Write out every line below that contains "auch".

═════ Exercise materials ═════

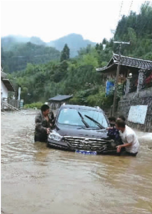
舒炉宝与几名村干部、村民一起解救因洪水被困车内的四人。
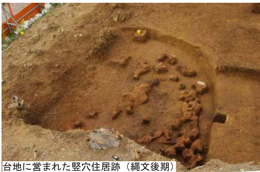
台地に営まれた竪穴住居跡（縄文後期）
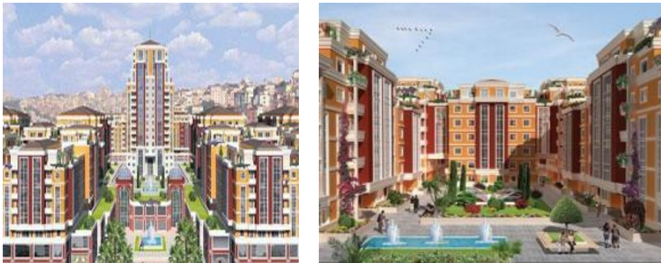
Şekil 16: Sümer Mahallesi Proje Görselleri
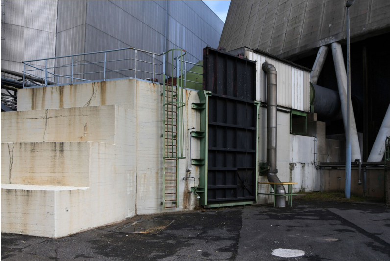
Kraftwerk Neurath: Kühlturm Block D, Kühlwassereinlauf und -auslauf, Ansicht von Südosten; Foto: 12.09.2023
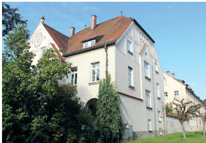
In diesem Gebäude am Kaspar-Aiblinger-Platz war der Wasserburger Integrationshort seit dem Sommer 1995 untergebracht.

Der Hort in Pfaffing wurde 2011 eröffnet und betreut derzeit 33 Kinder in zwei Gruppen, darunter zehn Integrationskinder mit erhöhtem Förderbedarf. Entgegen dem Trend in Wasserburg verzeichnet Sarah Kern hier sogar eine erhöhte Nachfrage.
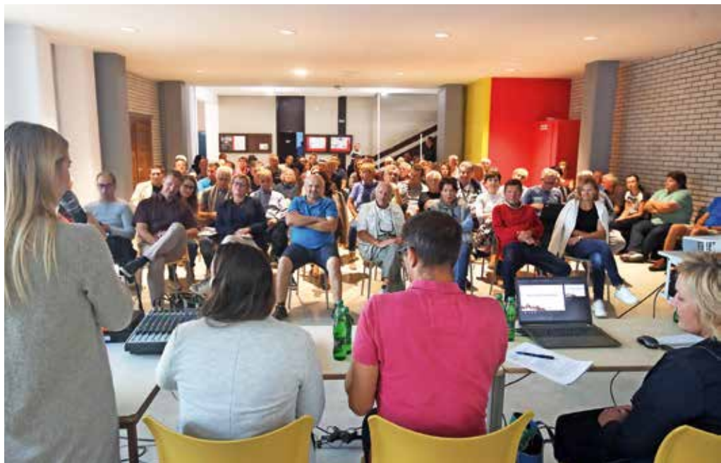
Srečanje krajanov krajevne skupnosti Vodovodni stolp z županom Matjažem Rakovcem je potekalo 12. oktobra.

Glede severne obvoznice je župan povedal, da je obstoječa trasa zanj rezervirana že od leta 2010, Krajevna sku-
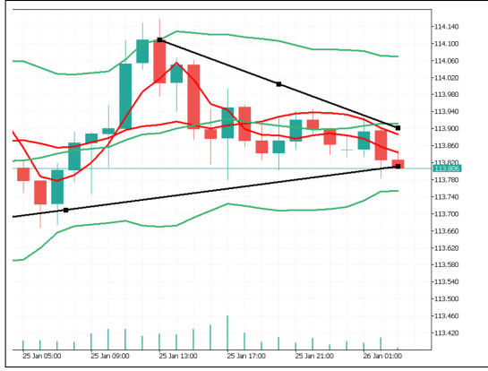
図 3.3: EMA,BBAND,TRENDLINE
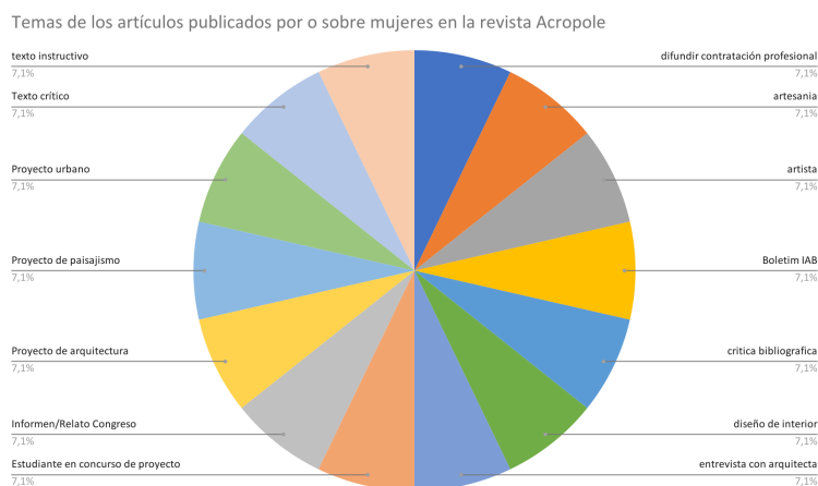
Tabla 2: Temas de los artículos publicados por o sobre mujeres en la revista Acrópole
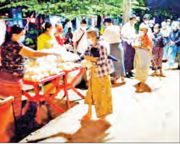
လက်ခံကြကြောင်း သိရသည်။ ရှစ်ရက်မြောက်နေ့အလှူဖြစ်ကြောင်း ထိုသို့အလှူပြုလုပ်မှုသည် ယနေ့ သိရသည်။ ပြည်နယ်(ပြန်/ဆက်)

ထိုသို့ဆောင်ရွက်ရာတွင် မော်လမြိုင် ငန်းတေးရပ်ကွက်ပြည်သူများအတွက် ဆန်နှင့် အခြေခံစားသောက်ကုန်ပစ္စည်းမျိုးစုံနှင့် ဟင်းသီးဟင်းရွက်များကို အလှူရှင်များက လှူဒါန်းကြပြီး လိုအပ်သူများက လာရောက်တန်းစီကာ
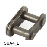
SUA4_L Chain link, Steel
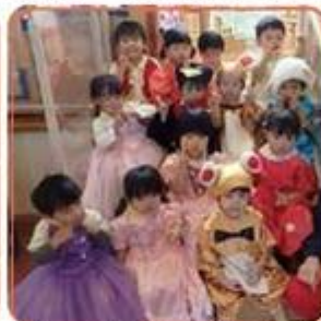
キラキラ舞台の衣装コーナーには素敵な衣装がいっぱい!
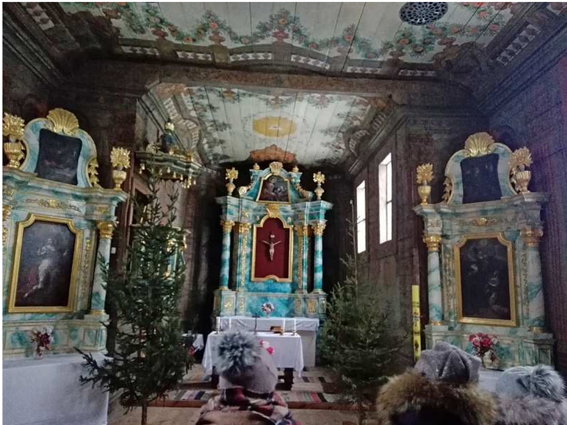
Zdj. 11. Późnobarokowy ołtarz w kościele z Wolanowa, 1749 r.
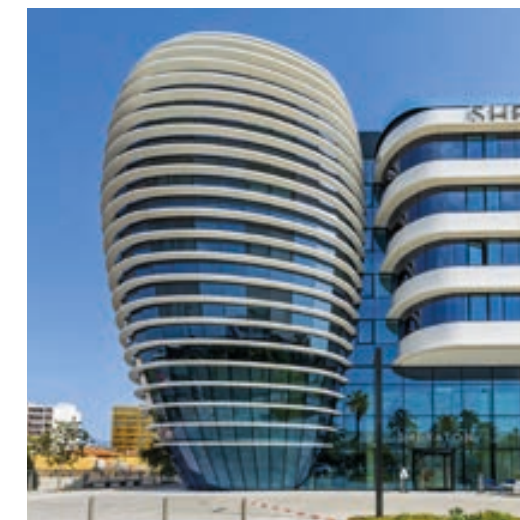
Le Centre d'affaires Arénas
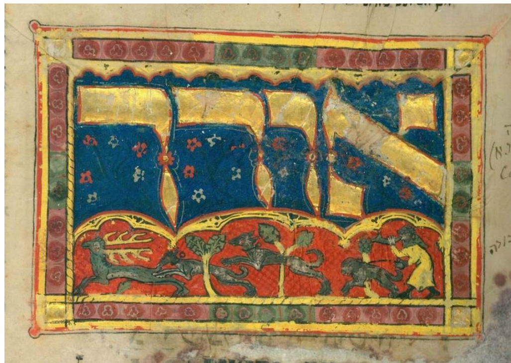
Трехчастный махзор из собрания Кауфмана, ок.1322 г., fol.18r
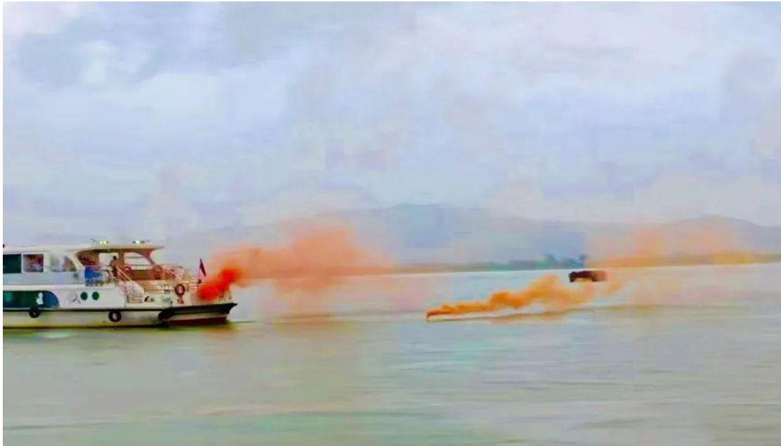
图 25：水上搜救综合应急演练现场 2
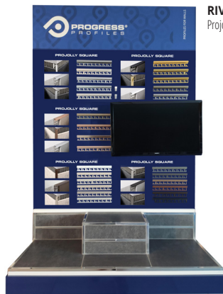
RIV 2: Projolly square;
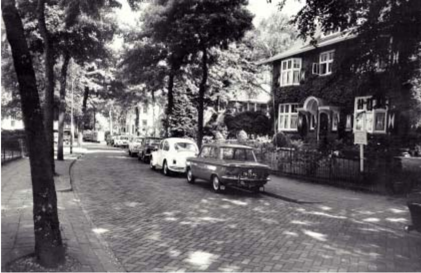
De Ministerlaan in 1969.

Mijn vader huurde het huis in 1933 met het eerste recht van koop, wat hij op 2 oktober 1942 effectueerde, waarschijnlijk met forse hulp van zijn schoonvader. Het huis was daarom zo interessant, omdat de grond tussen de Ministerlaan en het Noordse Bosje uit twee percelen bestond en het achterliggende deel bebouwd mocht worden met een bedrijfsbestemming. In de achtertuin, eigenlijk dus een apart kadastraal perceel met adres Noordse Bosje 31 AA, liet hij een tandtech-
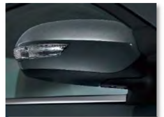
إشارات بالمرابيات الجانبية
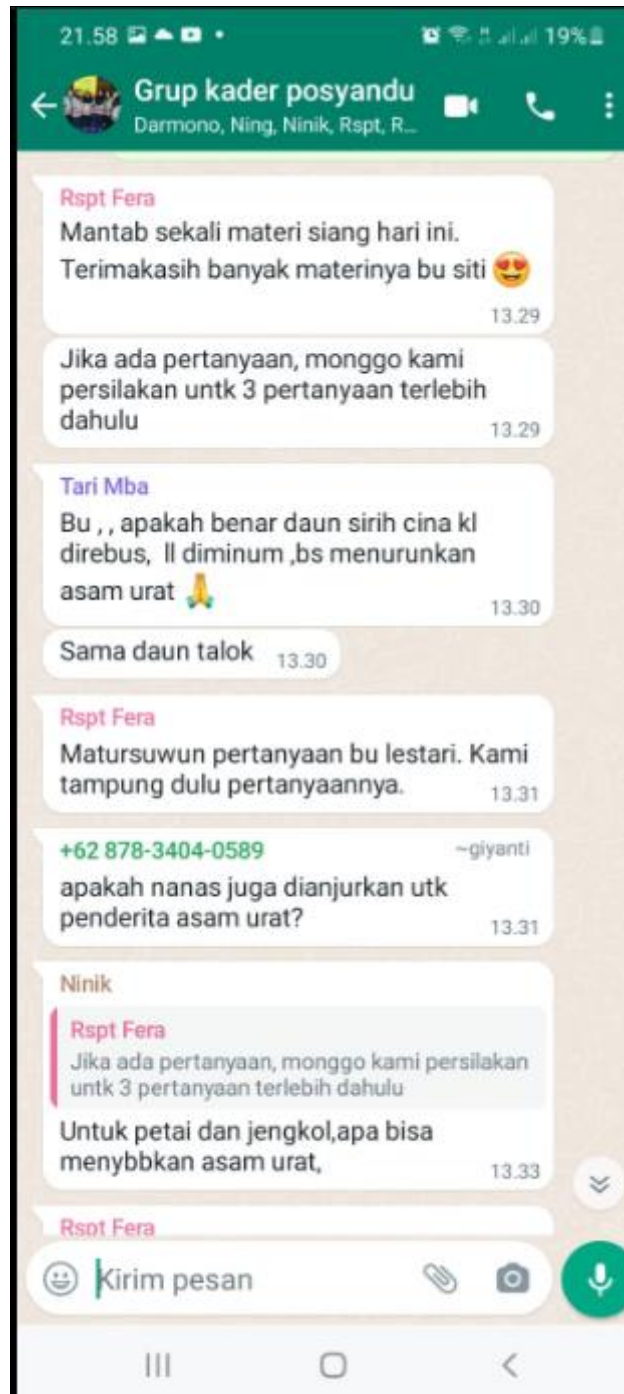
Gambar 5. Sesi tanya jawab
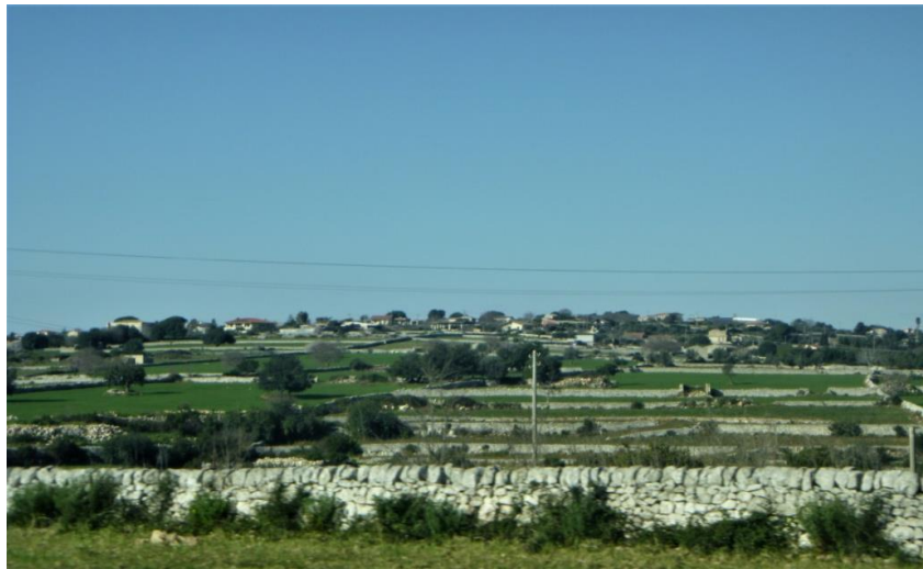
Fig. 12 - Altopiano Ibleo nei pressi di Modica con il tipico paesaggio a campi chiusi delimitati da muretti a secco in pietra calcarea.

Lungo le pendici dei monti dell’Alveria a Noto Antica, ad Avola o a Palazzolo Acreide sono migliaia gli ettari coltivati ad uliveto e mandorleto, mentre i carrubeti, uliveti e i seminativi sono più tipici nel ragusano.
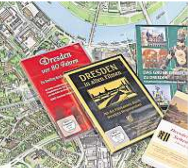
Filme zum alten und zum neuen Dresden. Auszüge der Filme laufen in dem kleinen Kino in der Dresden Information, die DVDs gibt es für 17,90 Euro auch hier zu kaufen.
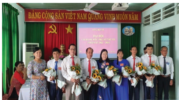
Đại hội chi bộ hệ điều trị-TTYT Bến Cát

đảm bảo an toàn trong phòng chống dịch, đảm bảo an toàn thực phẩm, đảm bảo an toàn cho sức khỏe và sự phát triển toàn diện về thể chất và tinh thần cho học sinh, như:
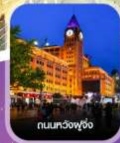
ถนนทวิงฟู่จิ่ง
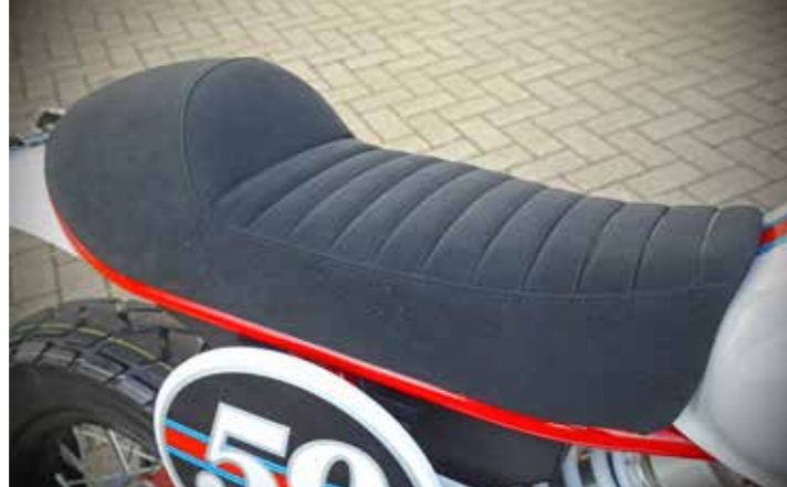
Niet alleen fraai materiaal maar hij zit ook nog eens fijn
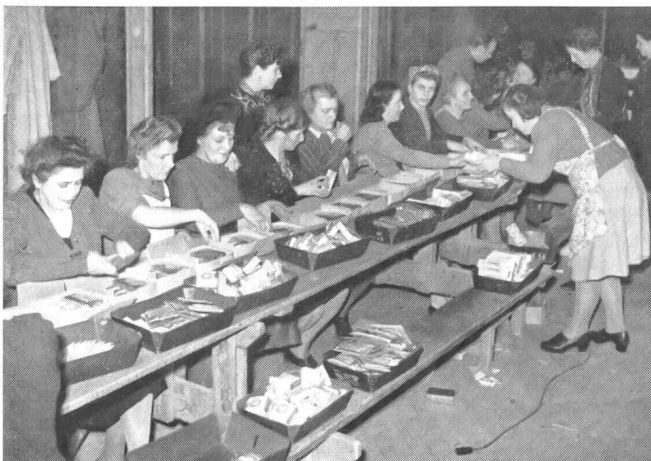
Vorbereitung für die Soldatenweihnacht.

Besser bekannt ist es wohl, daß im ganzen Lande Frauen jeden Alters und Standes Hunderttausende von Soldatenhemden genäht und noch viel mehr Socken gestrickt haben, um sie alle durch die Soldatenfürsorge den Wehrmännern zukommen zu lassen. Wer Gelegenheit dazu hatte, die Berge von Geschenkpaketen zu sehen, welche die Frauen auf Weihnachten vorbereiteten und in die entlegensten Häuser und Hütten bedürftiger Soldatenfamilien schickten, der wird auch das nicht vergessen. Und die Zehntausende von offiziellen «Soldatenpäckli», die Ende November tagelang am laufenden Band von freiwilligen Helferinnen gepackt wurden, damit jeder im Dienst stehende Wehrmann das Seine am Weihnachtstag

═════

#### Response area:
Filme zum alten und zum neuen Dresden. Auszüge der Filme laufen in dem kleinen Kino in der Dresden Information, die DVDs gibt es für 17,90 Euro auch hier zu kaufen.
Besser bekannt ist es wohl, daß im ganzen Lande Frauen jeden Alters und Standes Hunderttausende von Soldatenhemden genäht und noch viel mehr Socken gestrickt haben, um sie alle durch die Soldatenfürsorge den Wehrmännern zukommen zu lassen. Wer Gelegenheit dazu hatte, die Berge von Geschenkpaketen zu sehen, welche die Frauen auf Weihnachten vorbereiteten und in die entlegensten Häuser und Hütten bedürftiger Soldatenfamilien schickten, der wird auch das nicht vergessen. Und die Zehntausende von offiziellen «Soldatenpäckli», die Ende November tagelang am laufenden Band von freiwilligen Helferinnen gepackt wurden, damit jeder im Dienst stehende Wehrmann das Seine am Weihnachtstag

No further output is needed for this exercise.